Goodbye Job. Hello Lively-hood.

Understand that the right to choose your own path is a sacred privilege. Use it. Dwell in possibility.”

Oprah Winfrey

 

 

What can you do when the path is far from clear?

Mathy Lisika-Minsende set up Whatthejobisthis to“inspire career transitioners seeking more than just another job” through the sharing of personal stories.

I spoke at one of her events along with accountant turned comedian Special P and recruitment consultant turned independent careers adviser Shamila, founder of Brighter Mondays.

My talk was called “How I left my job for a livelihood.”

A transcript of sorts:

Livelihood” means a couple of things to me. First of all, I love the way it sounds: “lively-hood” – much nicer than job! Also, in old English, it just means a way of living, which is something that I’ve aspired to for years. I’ve finally ended up in a position where what I actually do reflects who I am. That wasn’t always the case.

I started off my career as a city solicitor. From the outside it probably looked great. The building itself was a huge marble building, there was an atrium indoors with trees and fountains. I strutted around like everybody else, probably appearing very successful, but I knew the real cost of my Prada shoes. I was absolutely dying inside, because this was the last place that I wanted to be. For one thing, I liked my trees outdoors.

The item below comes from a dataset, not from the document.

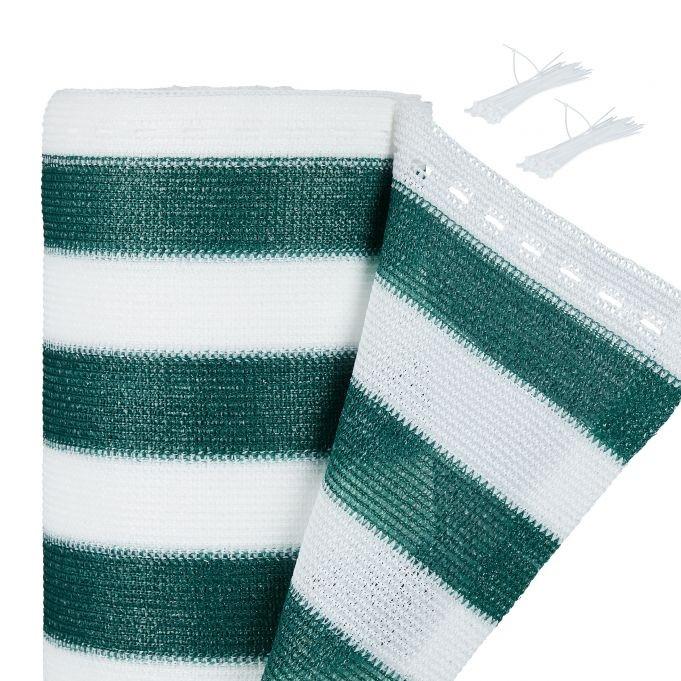 Der gestreifte Balkonschutz bietet dank strapazierfähigem HDPE-Gewebe robusten Sichtschutz und Windschutz. Ideal für Balkone und Zäune, ermöglicht er dank UV- und Witterungsbeständigkeit den ganzjährigen Einsatz im Außenbereich.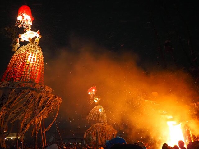 見どころは、1月15日の夜に行われる「火の戦い」。お祭りのために造られた巨大な社殿に火を付けようとする村人と、それを守る厄年の男たちとの激しい攻防が繰り広げられます。

Why had I ended up there? Well, probably because I didn’t have enough courage when I was growing up. I come from the sort of background where my parents expected me to be a lawyer, which I was, or a doctor or a dentist or that sort of thing. So I ended up there, in this office, absolutely hating it. I used to cry in the toilets, and I used to have this bizarre recurrent dream where I’d turn up to a meeting where everyone was there in their grey suits and in my dream I would come in with a plate of cakes. It was just not right for me.

One evening, I was looking through the Evening Standard. You may remember the Far Side cartoons. There was a cartoon which had a wolf at a desk, and he was just sitting there in the middle of the forest, and all these tiny little animals were bounding in front of him, and the wolf just says I envy those critters their freedom”. And I realised that it was probably just as simple as that. It was my choice to be sitting there in this place that I hated, and I could just actually stand up and I would be in the real forest.

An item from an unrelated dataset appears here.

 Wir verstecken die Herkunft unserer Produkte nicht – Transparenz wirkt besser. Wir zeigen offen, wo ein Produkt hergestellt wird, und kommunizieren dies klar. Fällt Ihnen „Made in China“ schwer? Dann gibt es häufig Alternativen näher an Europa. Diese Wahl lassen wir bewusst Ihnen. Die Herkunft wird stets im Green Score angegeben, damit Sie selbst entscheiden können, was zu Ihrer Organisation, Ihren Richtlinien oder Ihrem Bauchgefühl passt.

So I handed in my notice the next day. I had absolutely no idea what I wanted to do next, but what I did know was that I didn’t want to be there. And I thought about some of the things that were worse, and the only thing I could think about that I wanted to do less was be one of those people in Oxford Street with a sign saying “Golf Sale This Way”.

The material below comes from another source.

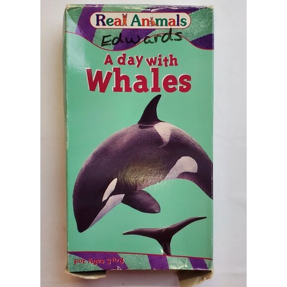 Experience the majestic world of whales with the "Real Animals: A Day With Whales" VHS tape from 1995 by Warner Vision. A cherished classic for animal lovers.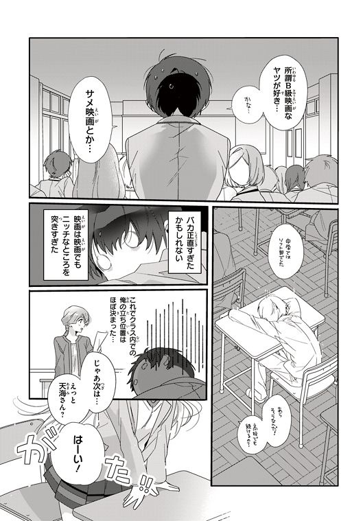主人公・前原のクラスで、男子たちに“1番かわいい”と言われている天海さんと、同じく“2番目にかわいい”朝凪さん。いつも輪の中心にいる2人を、ぼっちな前原は遠巻きに眺めていた。そんなある日、朝凪さんが「友達になってくれない?」と前原に話しかけてくる。朝凪さんは実はインドア派で、前原と「B級映画好き」「ゲーム好き」という共通点があり、同じ趣味の友達がほしいと考えていた。こうして2人は、クラスのみんなには内緒で、金曜日の放課後に前原の家で遊ぶようになり……。同名小説のコミカライズで、アライブ+で連載中だ。

So I left. I obviously had to work to pay my bills, so I went to work in a restaurant, basically taking people’s coats and taking them to tables. That was a real eye-opener for me in what people were really like, and I learnt a lot about human beings at that time. I was exactly the same person, but people treated me very, very differently. I left that after a while and went and qualified as an aerobics instructor and personal trainer; and I helped some people who worked in film production with some of their legal issues. And I just got really, really tired.

So after a while, I did go back to law and I thought I’ll try something different. I wrote, not thousands, but it felt like thousands of letters. I eventually got a job in a music law firm. I did that for a while. I didn’t like it that much more. I tried working in-house for a company, PriceWaterhouseCoopers and advising in a different way.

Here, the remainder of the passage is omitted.